Monologue about those 'Monologues'
Kavita Kumar of The St. Louis Post-Dispatch wrote about a Catholic college's decision to not stage a production of "The Vagina Monologues" on campus. Her story claimed that officials at St. Louis University canceled the controversial play for various reasons:
Campus administrators refused to sponsor the play last year, after several years of sponsorship, because they said that doing the same play year after year is redundant and didn't add much new.
SLU leaders said their decision was not censorship, but students suspect that is just what it is.
Conservative watchdog groups and others have protested at SLU and other Catholic campuses where the "Monologues" is performed because they say the play, with its frank discussion of female sexuality and homosexuality, is inappropriate.
Kumar's explanation cannot be dismissed out of hand. Why campus administrators pulled the plug is almost unknowable.

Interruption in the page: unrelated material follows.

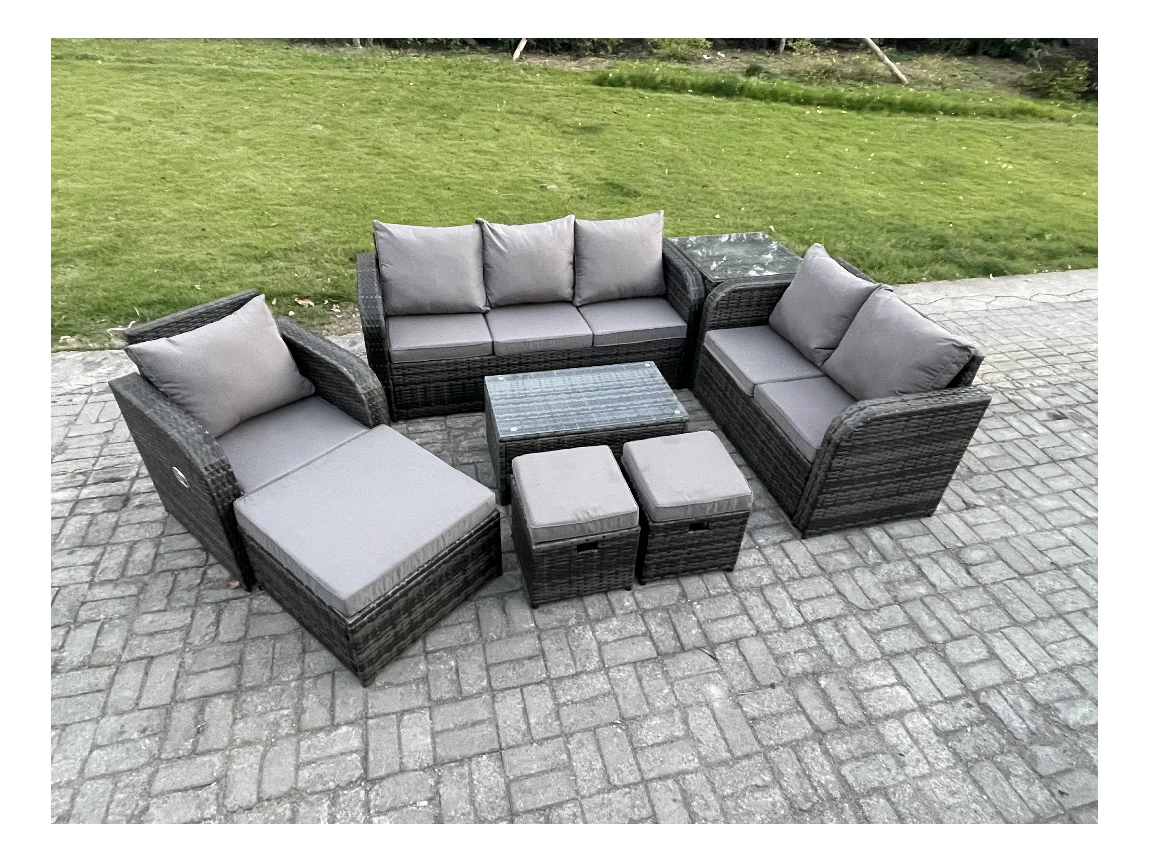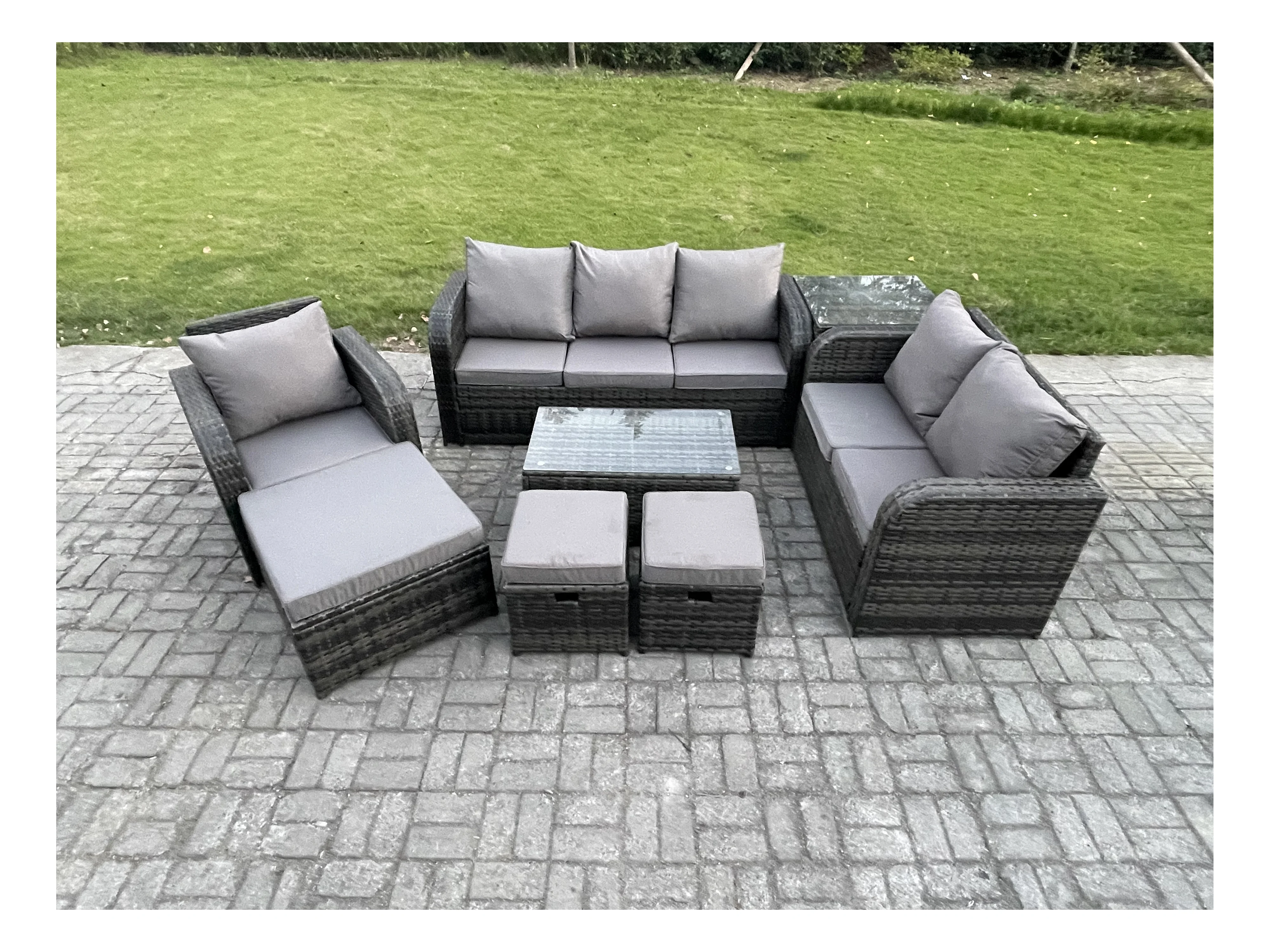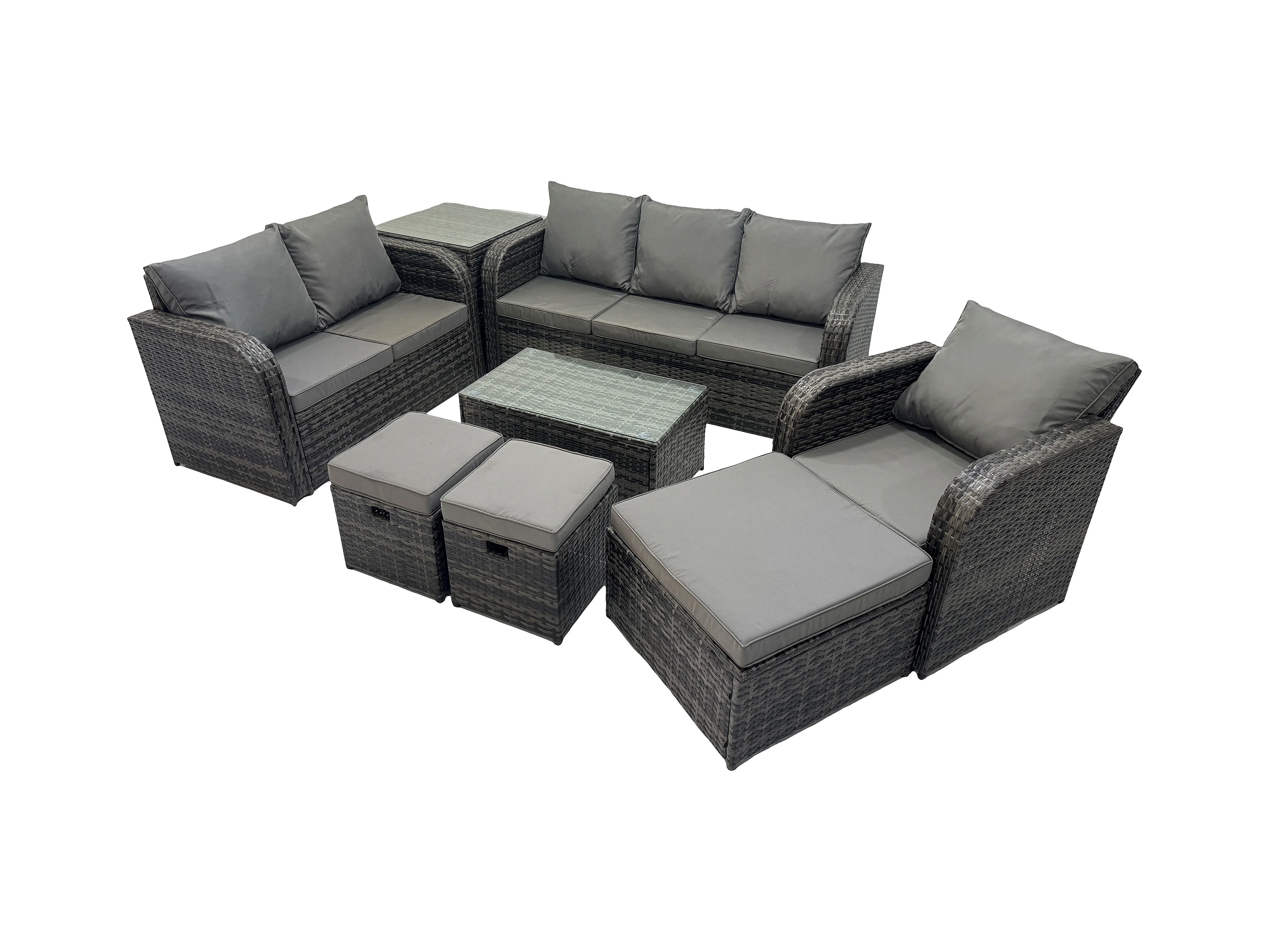 Ensemble de meubles de jardin en polyrotin 8 Pièces avec Table basse rectangulaire Canapé d'amour 3 Tabourets Table d'appoint

But let's call a spade a spade. Kumar's story is biased. The play's opponents come across as censorious and closed-minded. Now maybe they are, but Kumar provided no evidence for this implication.
"Conservative watchdog groups and others" have said, repeatedly, that they object to the play not for its frankness but rather its morality. For example, the president of Providence College criticized a scene in the play in which a teenage woman is raped or forcibly seduced by an older woman. Kumar should have noted this objection.

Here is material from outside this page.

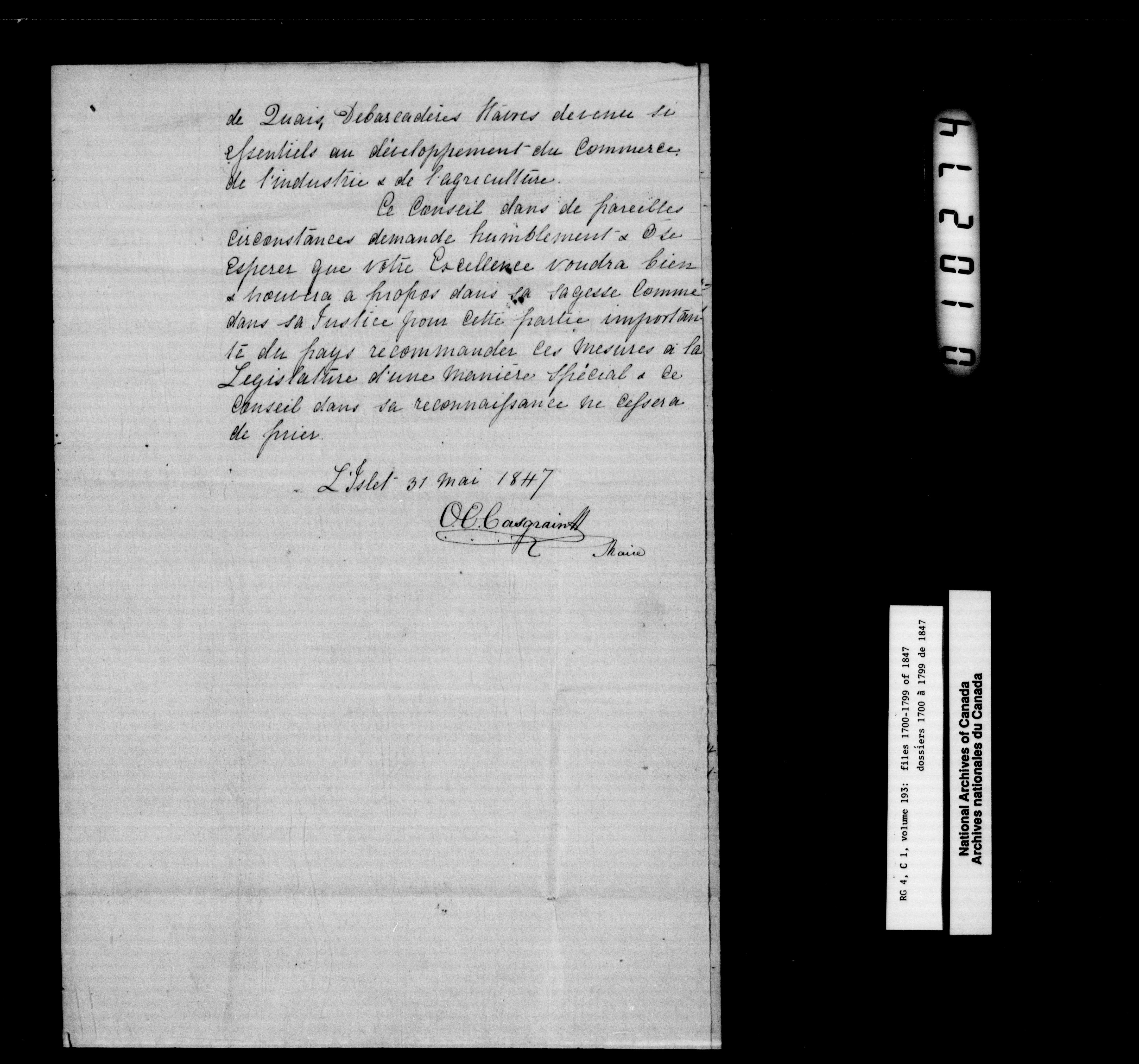 Canada East : Provincial Secretary numbered correspondence files, 1839-1867 - 2582

In addition, critics have objected to description of the play as a "new bible" for women. As you might imagine, traditional Catholics take issue with any sort of new bible, not just this one.
Perhaps Kumar wrote the story under tight deadline pressure. But it's too bad that she adopted a superficial understanding of the dispute between Catholic colleges and the play. There is a real story about how traditional Catholics and the play's secular writers view female sexuality. But getting it requires a reporter to engage in a colloquy not a monologue.